I have the written the following code in R with an aim to generate correlated random variables which follow the beta distribution
#objective is to generated correlated
#beta distributed data
library(MASS)
library(faux)
generate.beta.parameters <- function(x, v) {
alpha = ((1 - x) / v - 1/ x) * x^2
beta = alpha * (1 / x - 1)
return (c(alpha, beta))
}
x1 <- 0.896
v1 <- 0.001
x2 <- 0.206
v2 <- 0.004
b1 <- generate.beta.parameters(x1, v1)
b2 <- generate.beta.parameters(x2, v2)
alpha1 <- b1[1]
beta1 <- b1[2]
alpha2 <- b2[1]
beta2 <- b2[2]
#create mean vector
mu = c(0, 0)
#create variance covariance matrix
sigma <- rbind(c(1, 0.2), c(0.2, 1))
#generate 1000 random numbers
df <- mvrnorm(n = 1000, mu = mu, Sigma = sigma)

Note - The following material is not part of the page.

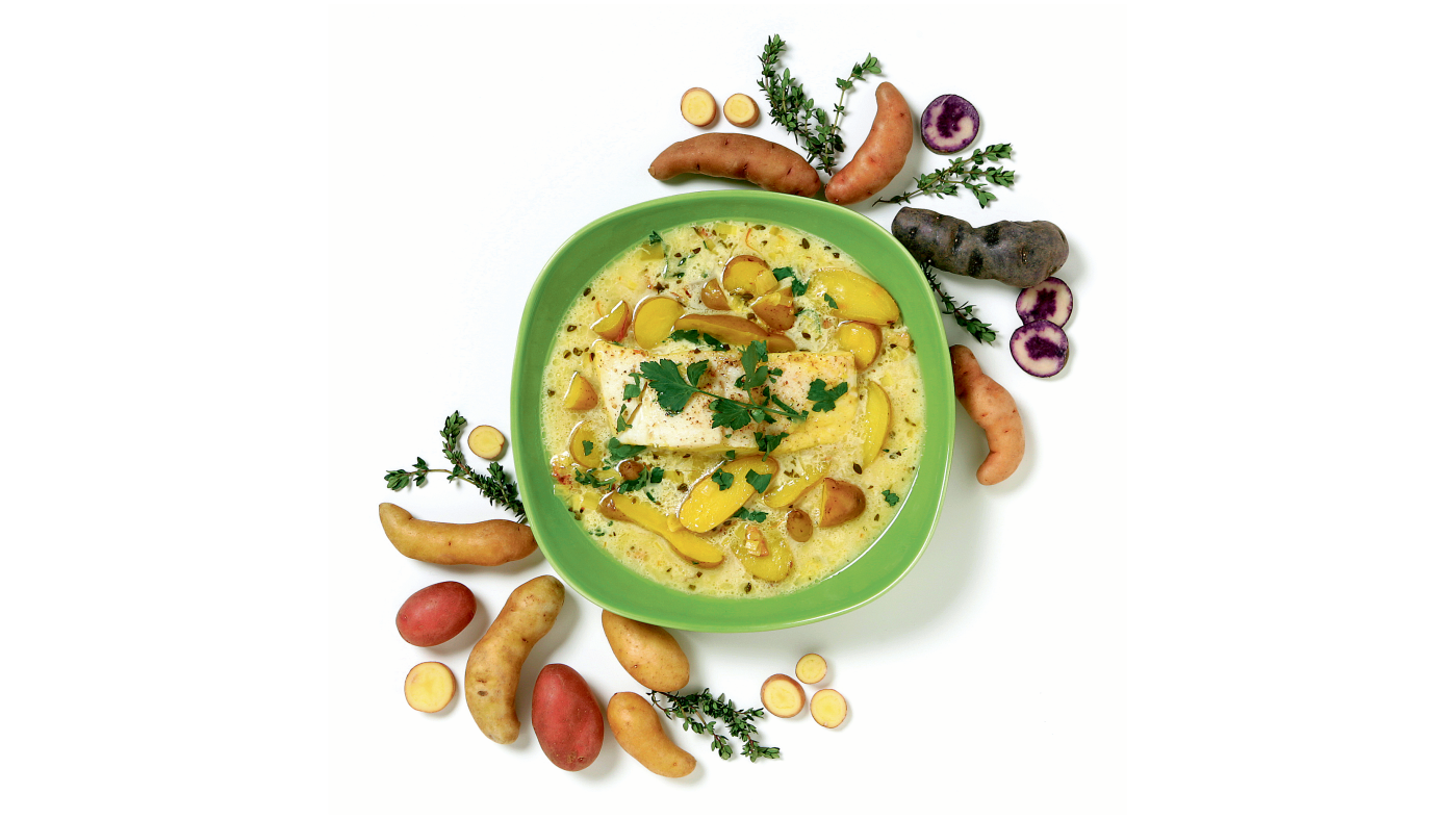 Chowder With Halibut, Saffron and Potatoes

df.beta <- matrix(nrow = nrow(df), ncol = ncol(df))
#normal to uniform
df.beta[,1] = norm2beta(df[,1], alpha1, beta1)
df.beta[,2] = norm2beta(df[,2], alpha2, beta2)

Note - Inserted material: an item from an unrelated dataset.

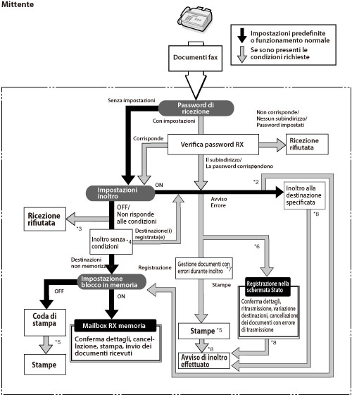 *2 Se si imposta <Memoriz./Stampa file ric.> su 'On' in [Impostazioni inoltro], i documenti inoltrati vengono stampati oppure memorizzati nella Mailbox RX memoria.

df.beta <- as.data.frame(df.beta)
cor(df.beta)
However, on running this code, the correlation outputs are not the same as expected. Here is the output on my machine:
V1 V2
V1 1.0000000 0.1549214
V2 0.1549214 1.0000000
Could you throw some light on this?
I do have this link, where random numbers have been generated, but it is in a different software i.e. SAS.